Star Trek Discovery: The Case For Collaborative Science
Star Trek Discovery was often criticised in early episodes for the characters arguing often. However, Discovery as a show maintains a strong sense that collaboration and connection are critical for our scientific progress.
We first see this when Stamets and Straal talk and Straal keeps his process secret from his scientific collaborator. This is out of competitiveness. However, this means Straal dismisses Stamets' concerns.
We later learn that Straal's methods were not only ethically immoral (essentially torturing a sentient being) but also unsafe, leading to the death of him and the USS Glenn crew.
As a counter to this, Stamets starts secretive about his research, especially towards Burnham, but we see him grow and become more open and collaborative. It is through his collaboration with Tilly and Burnham that progress and breakthroughs are made. It also gives him a support system when troubles arise with the spore drive.

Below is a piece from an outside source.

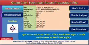 कक्षा ९–१० (प्राबिधिक धार तर्फ)को वार्षिक नतिजा तयारी गर्ने Excel Based ERMS फाइल
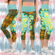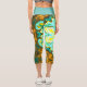 Psychedelic Mandala Flower Teal and Yellow Capri Leggings

We also see throughout that interdisciplinary research can lead to better outcomes. It takes a team of multiple specialities to solve every scientific problem on Discovery. Everyone contributes and builds off each other, but also learns and expands their own horizons. This is raised first in episode 1.03 where Stamets chastised Burnham for trying to categorise his work as either physics or biology when he is working in an interdisciplinary manner.
The spore drive itself is the perfect example of how collaboration benefits science. It requires the astromycology of Straal and Stamets, the engineering of Tilly and Reno, the more coding and quantum physics specialty of Adira, and the medical support of Culber in order to make it safe and effective.
Discovery is an excellent statement on how open and collaborative science is critical for a better future.